Con “Solos Los Dos”, Catalina se mueve hacia otro registro sin perder continuidad. La canción se acerca al amor, pero no desde la obviedad del sentimentalismo, sino desde una atmósfera más trabajada, donde el cruce entre jazz y tango adquiere un peso real. La introducción con acordeón marca desde el inicio un clima específico, aunque lo más valioso es que ese recurso no funciona como un subrayado pintoresco. La canción no necesita anunciar su mezcla; la deja actuar. En ese sentido, Catalina parece tener claro que la elegancia musical no depende de cuánto se acumula, sino de cómo se distribuyen los gestos dentro de una pieza.

Catalina y la posibilidad de habitar más de un mundo sin partirse en dos

Hay algo en esa forma de escribir y de interpretar que remite directamente a una experiencia de desajuste. No en un sentido trágico, sino en uno más sutil: el de quien ha aprendido a moverse entre territorios sin que ninguno termine de cerrarse como definición absoluta. Sus propias palabras apuntan a esa dimensión cuando habla de la distancia, la identidad, la nostalgia por un lugar que no siempre es físico. Esa idea resulta especialmente reveladora porque permite leer su proyecto no como el de una artista “entre culturas” en el sentido más publicitario del término, sino como el de alguien que ha hecho de esa falta de fijación un lenguaje emocional.

Por eso sus canciones no dependen tanto del dato biográfico, aunque este sea llamativo. Sí, hay una historia singular detrás: nacida en Argentina, criada en Shanghai, con presencia en el mercado asiático y una comunidad importante en plataformas chinas. Pero lo que vuelve relevante su propuesta no es la singularidad del recorrido, sino cómo ese recorrido termina filtrándose en una voz artística con cierta consistencia. Catalina no parece usar su historia como argumento principal para que la escuchen; la transforma en un trasfondo que sostiene lo que realmente importa, que es la música.
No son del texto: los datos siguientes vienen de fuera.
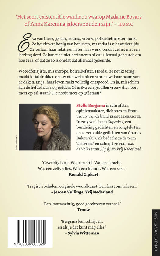 Woordfetisjiste, misantrope, borrelbefster. Hoed u: ze neukt terug, maakt kutafdrukken op uw nieuwe bank en schreeuwt haar naam van de daken. En ja, haar leven raakt volledig ontspoord. En ja, ze begint alsnog een relatie met de leerling. Misschien kan zijn liefde haar redden. Of is Eva een gevallen vrouw die nooit meer op zal staan? Die nooit meer op wil staan?
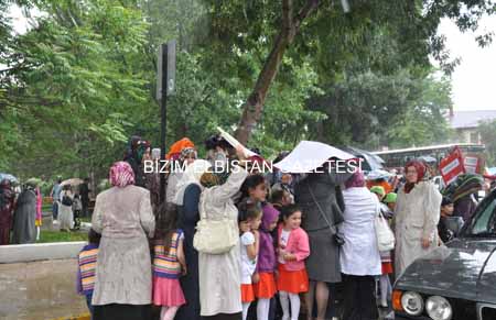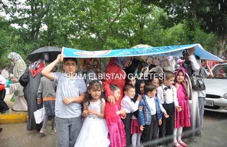 Yürüyüş öncesi birden bastıran sağanak yağış nedeniyle meydanda toplanan öğrenciler zor anlar yaşarken, öğretmenler ve veliler, yağmurdan korumak için öğrencilerin bir kısmını otobüslere bindirirken, bir kısmını da Elbistan Belediyesi ile Polisevi’ne götürdü. Bazıları ise üzerlerine çektikleri okulların pankartları ile kendilerini yapmurdan korumaya çalıştı.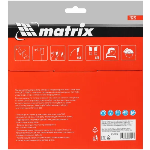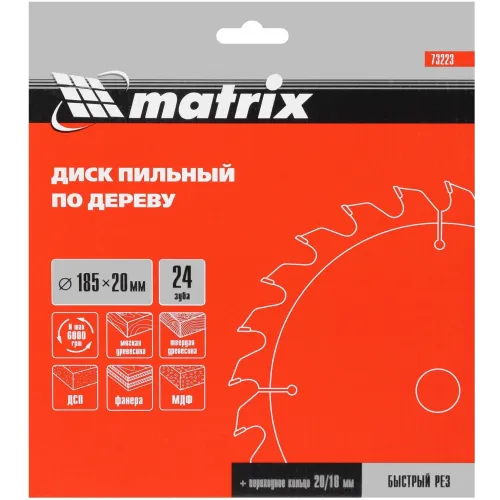 Диск пильный по дер. Matrix 73223 d=185мм d(посад.)=20мм (циркулярные пилы) (упак.:1шт)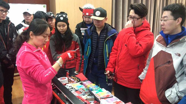 上午的滑行表演及丰富多彩的寻宝活动结束后,没有来一场DAY DAY UP的培训,怎么对得起Q雪上高科技公司这么一个美誉!下午一场由双国际健将做的免费打蜡及修板培训,抬抬B格还是要滴。接下来两个月北京、崇礼、黑龙江、吉林各大雪场的搓板科技慈善巡回培训可有的闹腾了!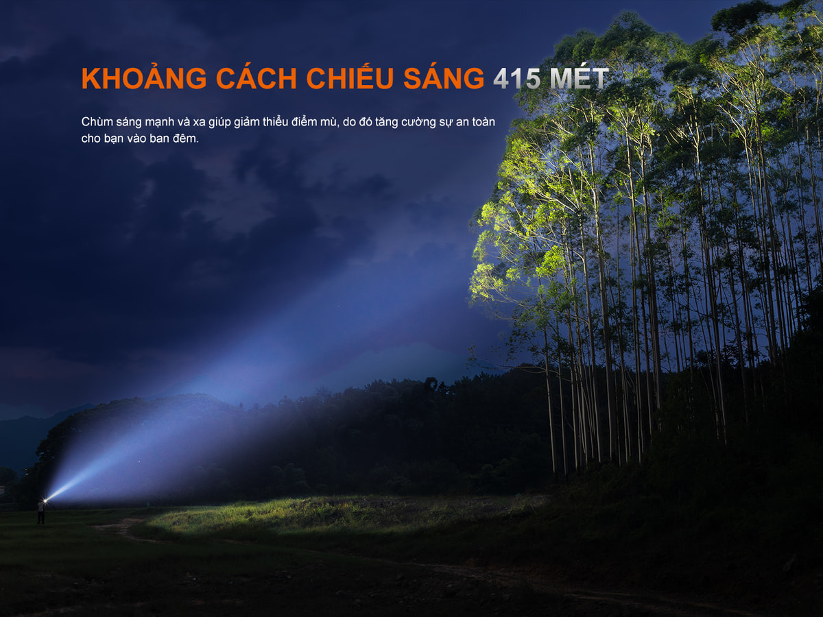 Fenix PD36R ACE đánh dấu bước đột phá lớn của Fenix khi vượt qua giới hạn công suất trên hai thế hệ tiền nhiệm PD36R và PD36R V2.0. Lần này, cây đèn được nâng lên mức 3.000 lumens cùng tầm chiếu xa 415 mét, mang đến hiệu suất chiếu sáng mạnh mẽ và vượt trội.

También resulta interesante la dirección que toma esta etapa de su carrera. Su decisión de acercarse con más firmeza al ámbito argentino e hispanohablante no suena a repliegue ni a corrección de estrategia, sino a expansión. Como si, después de haber desarrollado una presencia importante en Asia y de haber probado distintos registros e idiomas, el proyecto empezara a ordenar sus piezas hacia una nueva conversación. No se trata de regresar a una raíz pura, porque en Catalina esa pureza simplemente no existe. Se trata más bien de abrir otro frente de escucha para una propuesta que ya nació cruzada por varias capas.

En ese sentido, Catalina encarna algo que no siempre aparece con claridad en la música pop contemporánea: la posibilidad de ser accesible sin simplificarse demasiado. Sus canciones no renuncian a la emoción directa, pero tampoco se entregan del todo a lo previsible. Hay en ellas una búsqueda de calidez, de cercanía, incluso de cierta vocación melódica amplia, aunque siempre atravesada por una identidad que no termina de acomodarse a un molde único. Eso le da un matiz particular frente a tantos proyectos que parecen diseñados para ser entendidos de inmediato.

Más que presentarse como promesa internacional o como anomalía biográfica, Catalina empieza a perfilarse como una artista con una intuición clara sobre su propio territorio: uno hecho de desplazamientos, de lenguas que se tocan, de géneros que conviven sin empujarse entre sí y de emociones que no necesitan exagerarse para dejar marca. En vez de elegir una sola casa, su música parece haber decidido construirla en el tránsito. Y desde ahí, lo que propone no es poca cosa: una forma de pertenecer sin renunciar a la complejidad de todo lo que la compone.